◆ **TASK DIRECTIONS**: Would you restate, word for word, only the lines starting at the one with "不过,在这十家公司中不乏在2" and ending with the final line of the entries below? Pictures stay out.

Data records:
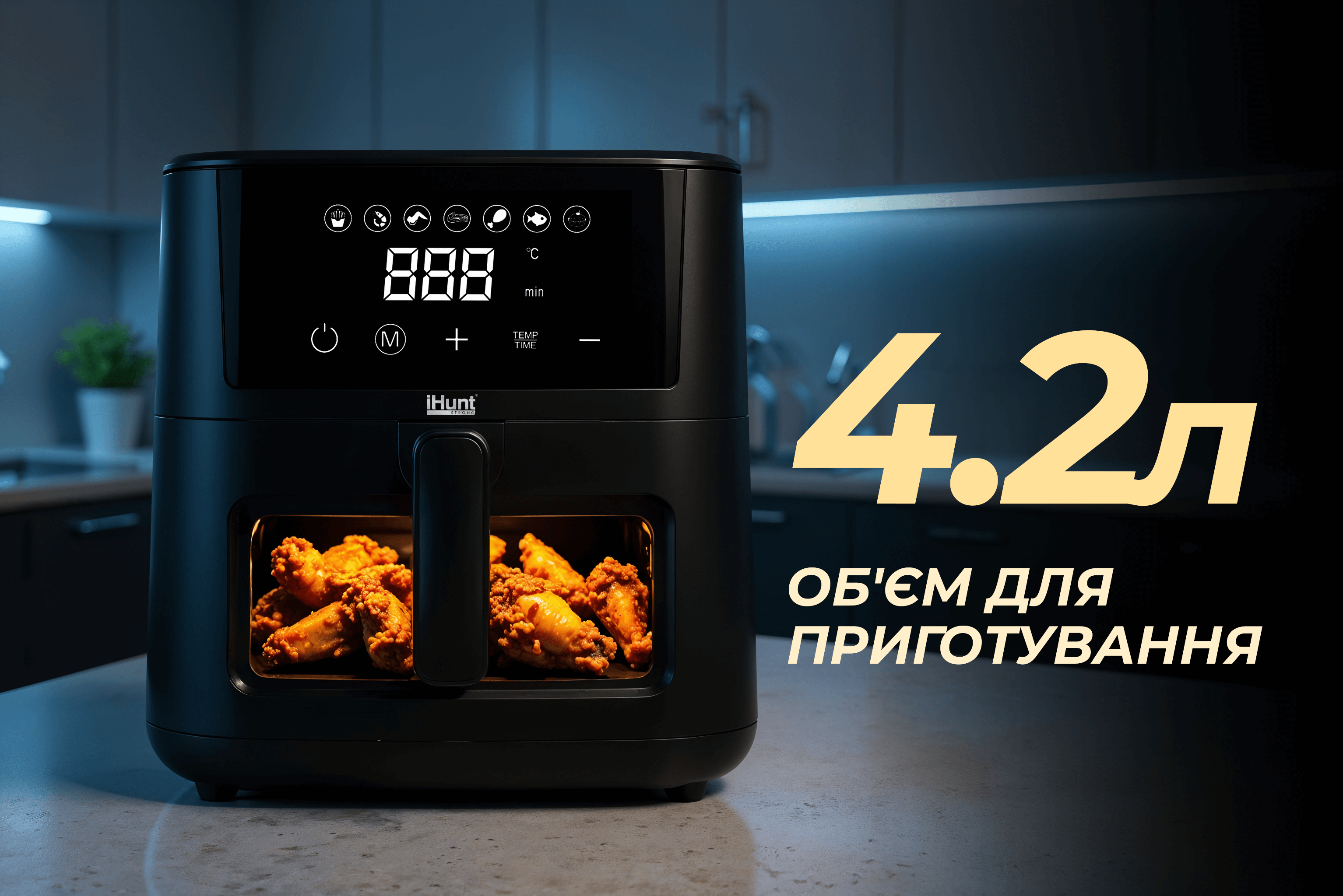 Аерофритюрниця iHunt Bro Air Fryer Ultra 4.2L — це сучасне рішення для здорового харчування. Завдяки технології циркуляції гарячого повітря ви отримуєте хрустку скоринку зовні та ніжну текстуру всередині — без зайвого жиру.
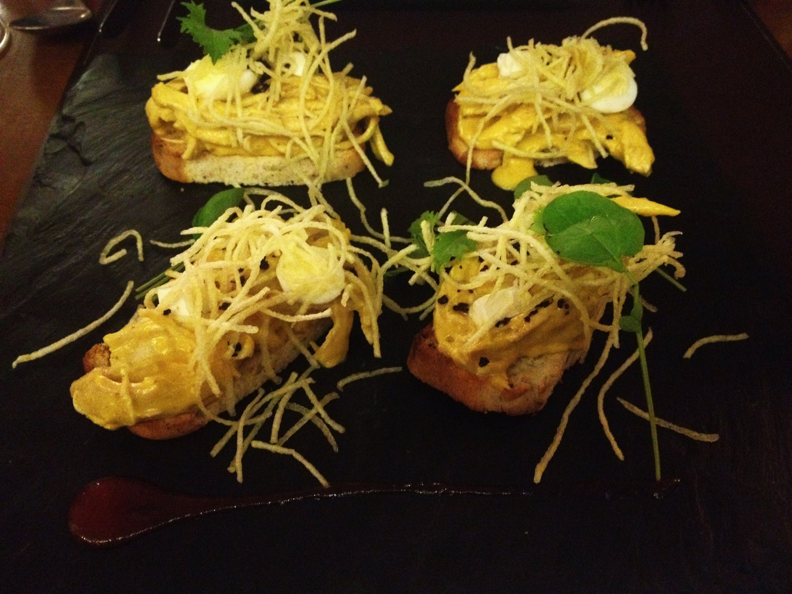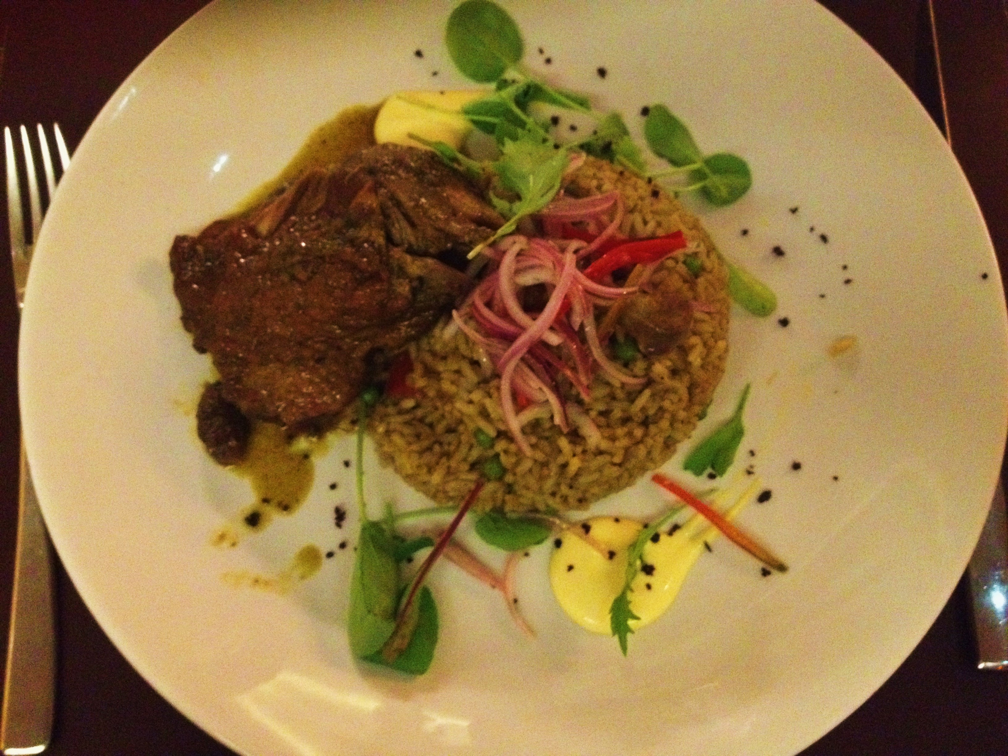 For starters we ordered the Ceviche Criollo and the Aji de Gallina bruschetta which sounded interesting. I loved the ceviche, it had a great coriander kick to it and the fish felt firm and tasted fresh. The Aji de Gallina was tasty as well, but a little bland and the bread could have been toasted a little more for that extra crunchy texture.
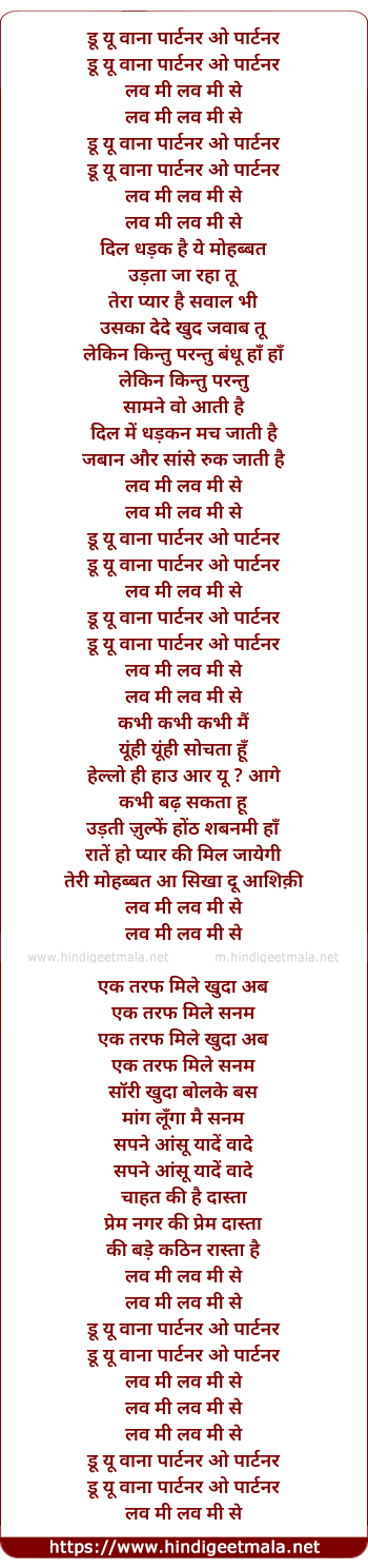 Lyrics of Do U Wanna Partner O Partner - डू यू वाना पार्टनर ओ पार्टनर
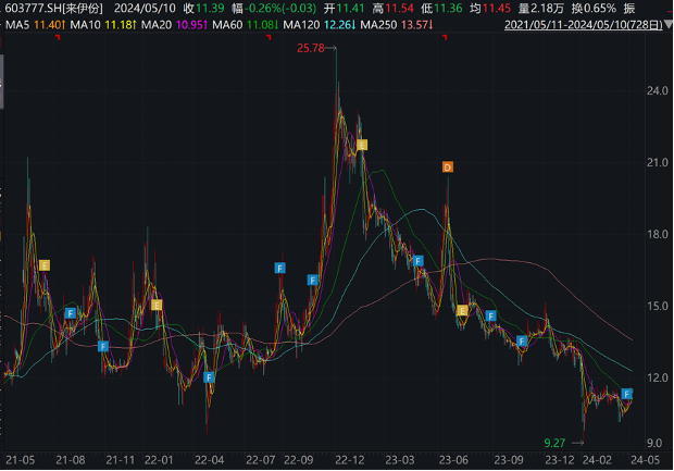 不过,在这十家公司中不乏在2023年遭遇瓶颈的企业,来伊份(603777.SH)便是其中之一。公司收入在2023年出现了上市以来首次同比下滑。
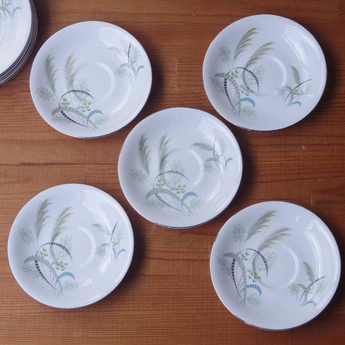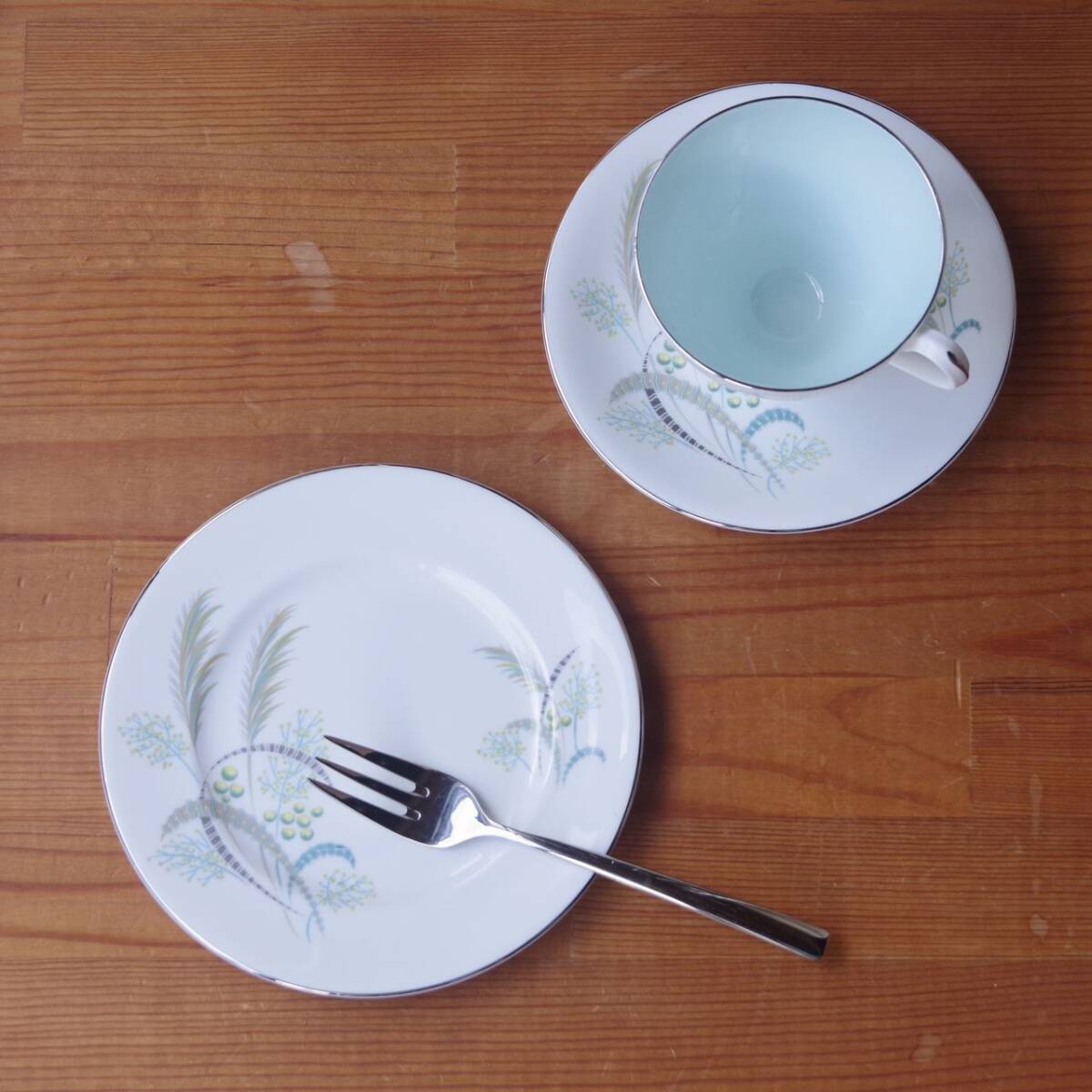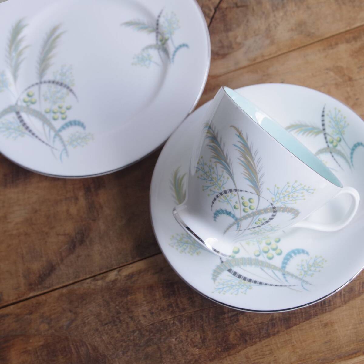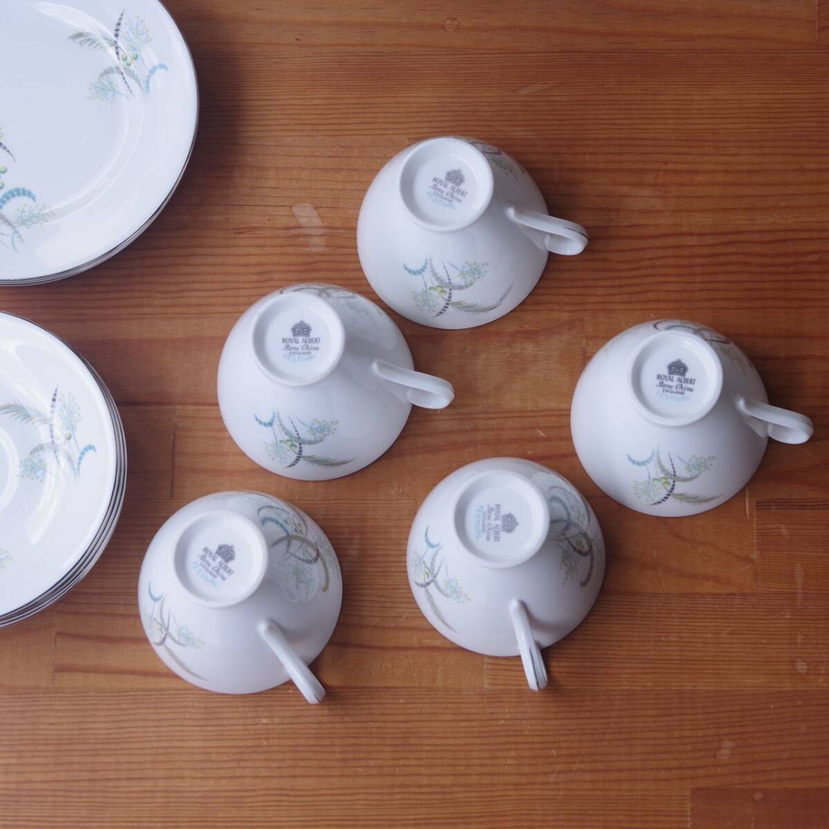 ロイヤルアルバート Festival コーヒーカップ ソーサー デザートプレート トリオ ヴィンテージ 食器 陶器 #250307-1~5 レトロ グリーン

◆ **ANSWER TO THIS TASK**:
 不过,在这十家公司中不乏在2023年遭遇瓶颈的企业,来伊份(603777.SH)便是其中之一。公司收入在2023年出现了上市以来首次同比下滑。
 ロイヤルアルバート Festival コーヒーカップ ソーサー デザートプレート トリオ ヴィンテージ 食器 陶器 #250307-1~5 レトロ グリーン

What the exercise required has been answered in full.